I’ve been slow to post lately—you know, vacation, organizing all my school stuff now that I’m finished, getting back to work, etc. More is coming soon though, including a long post about the final paper I did focusing on subject headings, tags, and LibraryThing.

14 August 2006

Philosophy and predicting the future

I thought I’d share a final essay I wrote for a course on “Organizing Information”, connecting Walter Ong on the eras of information culture with Bruce Sterling on the eras of technoculture, via Suzanne Briet considering objects as documents.

That was a mouthful. It goes something like this: Ong talked about the shifts in culture that occurred in the move from oral (spoken) transmission of information to literate (written) society. Sterling talks about the shifts in culture that occurred due to the way that things (material objects) are produced and consumed, from handmade to mass-produced to “smart”.

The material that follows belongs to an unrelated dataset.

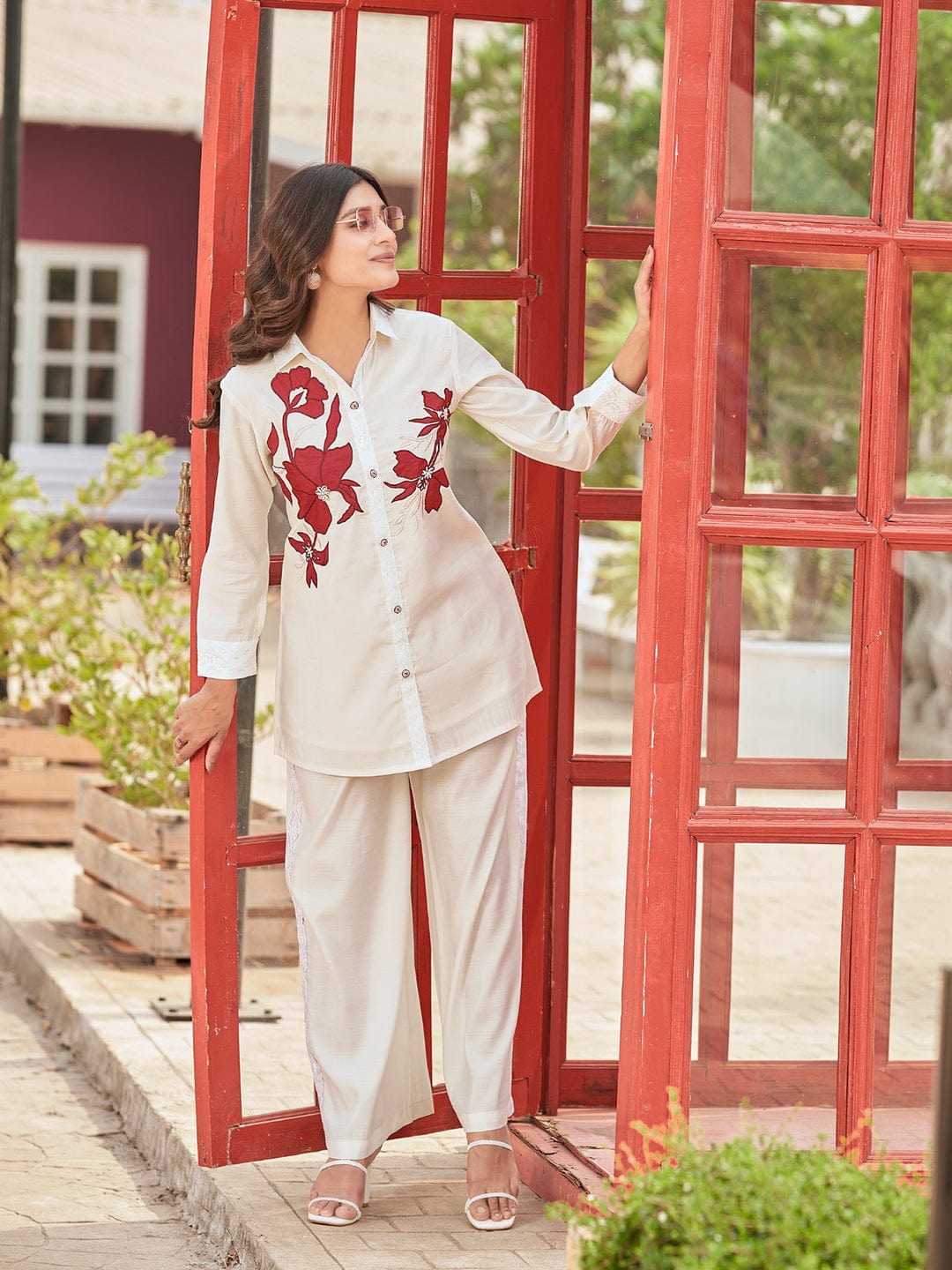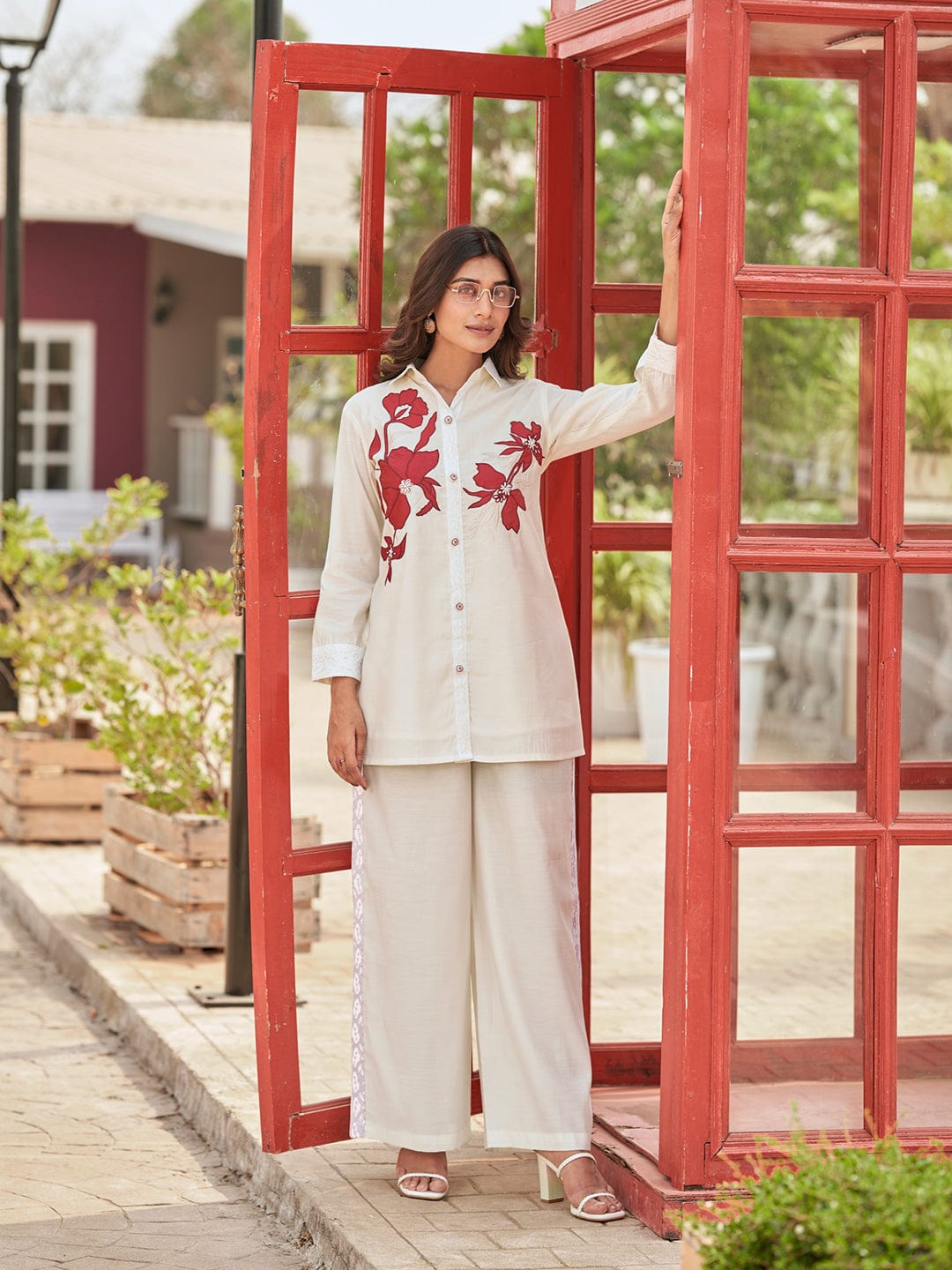 Varanga Women Cut Work and Thread Embroidered Shirt with Flared Palazzo

Suzanne Briet was a librarian and documentalist in France in the early 20th century. Her work has come into the light in recent years largely thanks to Michael Buckland and an article in JASIST titled “What is a Document?”, in which Buckland explores a variety of perspectives on what constitutes a “document”. Briet (now, rather famously, in library circles at least) asserted that, although an antelope in the wild was not a document, an antelope that was captured, put in a zoo, cataloged, and considered an object of study could be considered a document just as much as text printed on paper.

So, using Briet’s ideas about objects as documents, Ong’s cultures and Sterling’s begin to converge into a conglomerate in which it is (or will be) no longer easy to distinguish between the two. This is especially the case in an “Internet of Things”, in which objects are increasingly retrievable and record information about themselves.

You can get a copy of my essay (pdf) if you’re interested.